Problem to solve. Beginning with the line containing "车辆归属地 广东省佛山市 车辆停放仓库 广东省佛山市佛山市", write out each line exactly through the end of the listing, and skip all pictures.

Source data.
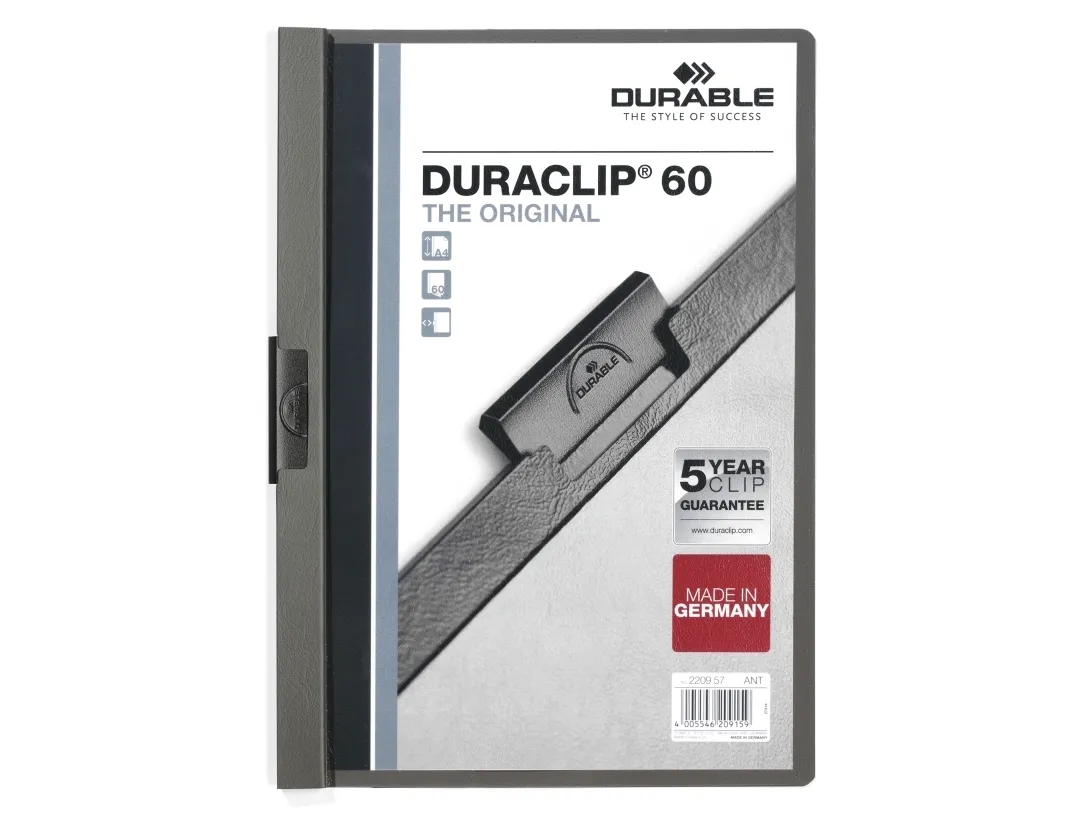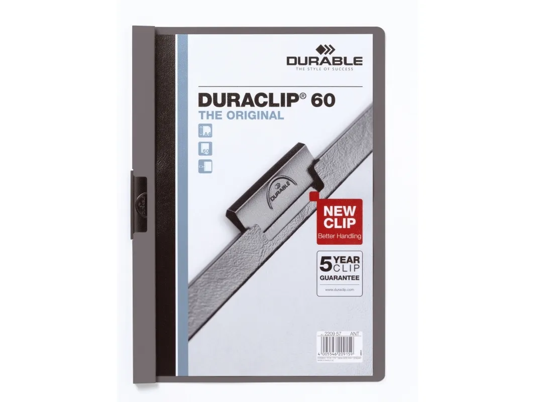 Durable DuraClip Original 60 A4 Anthracite Grey, Grå, PVC, A4, 219 mm, 310 mm
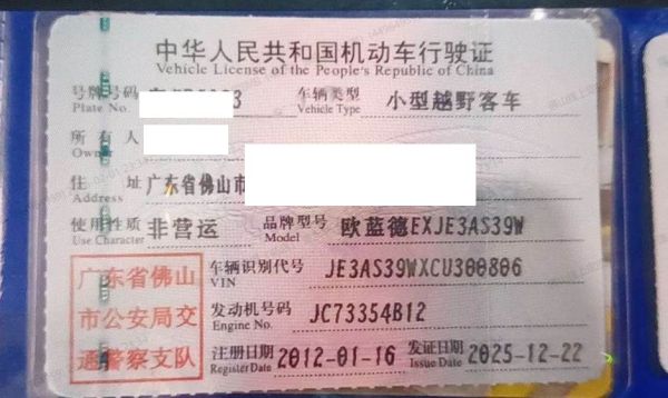 车辆归属地 广东省佛山市 车辆停放仓库 广东省佛山市佛山市
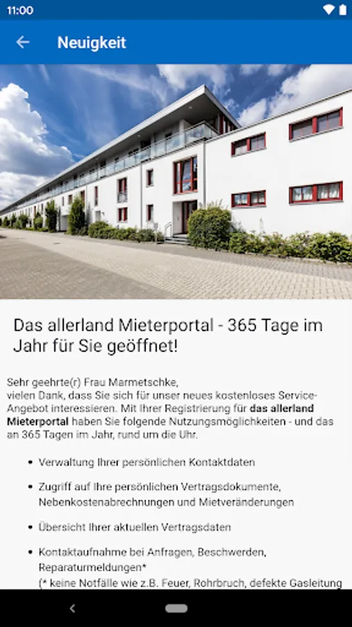 The tenant app Your direct line to allerland Immobilien GmbH.
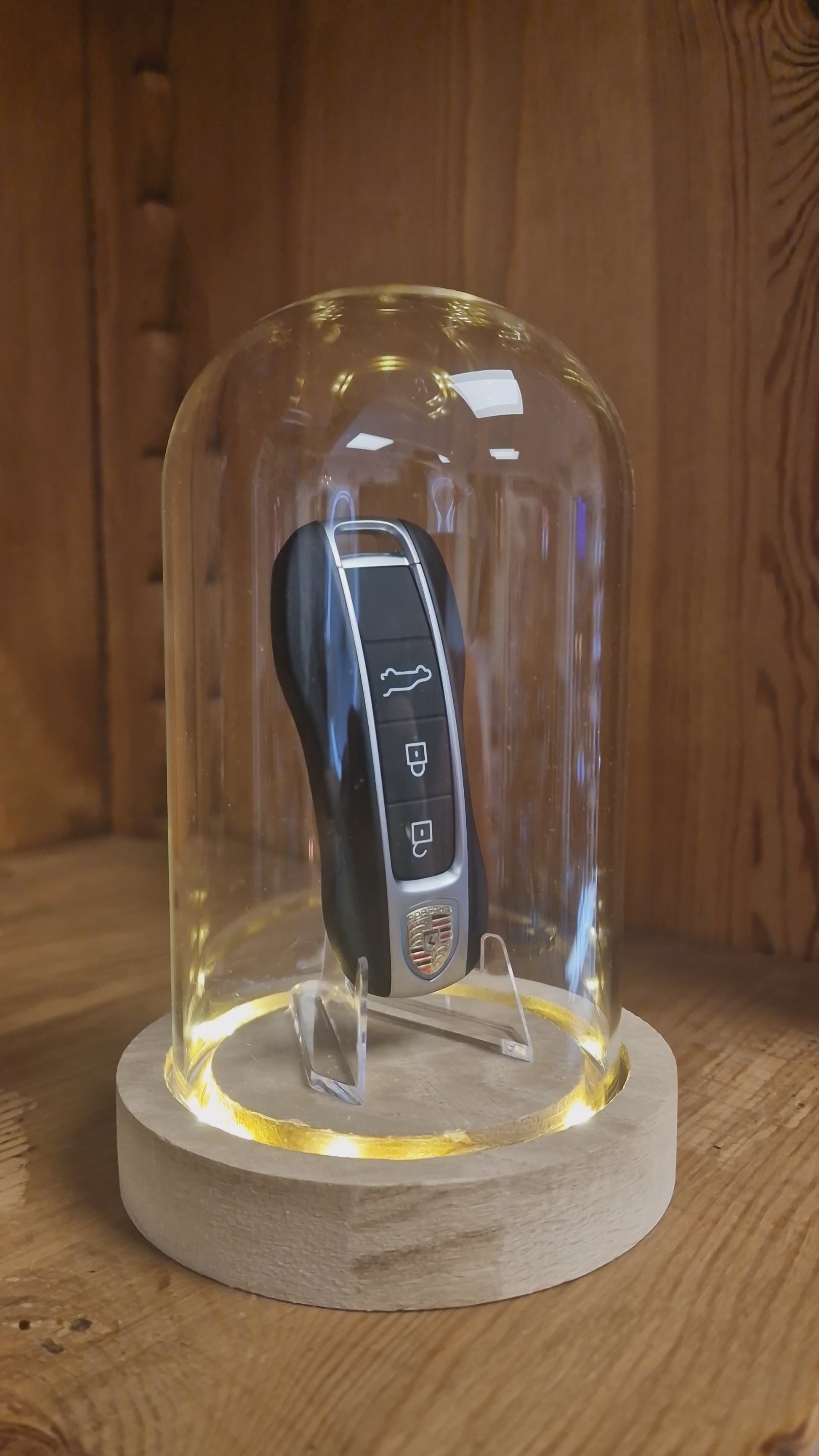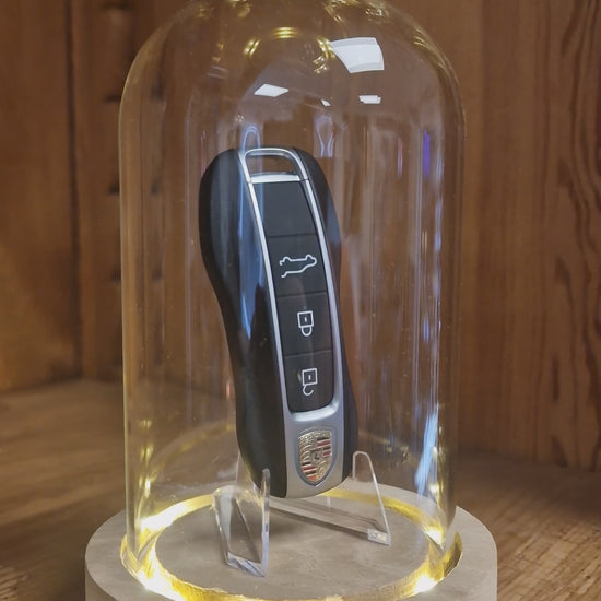 Clé Porsche Sous Cloche LED – Objet de Collection Automobile Ø 10 cm – H 16 cm

Your solution.
 车辆归属地 广东省佛山市 车辆停放仓库 广东省佛山市佛山市
 The tenant app Your direct line to allerland Immobilien GmbH.
 Clé Porsche Sous Cloche LED – Objet de Collection Automobile Ø 10 cm – H 16 cm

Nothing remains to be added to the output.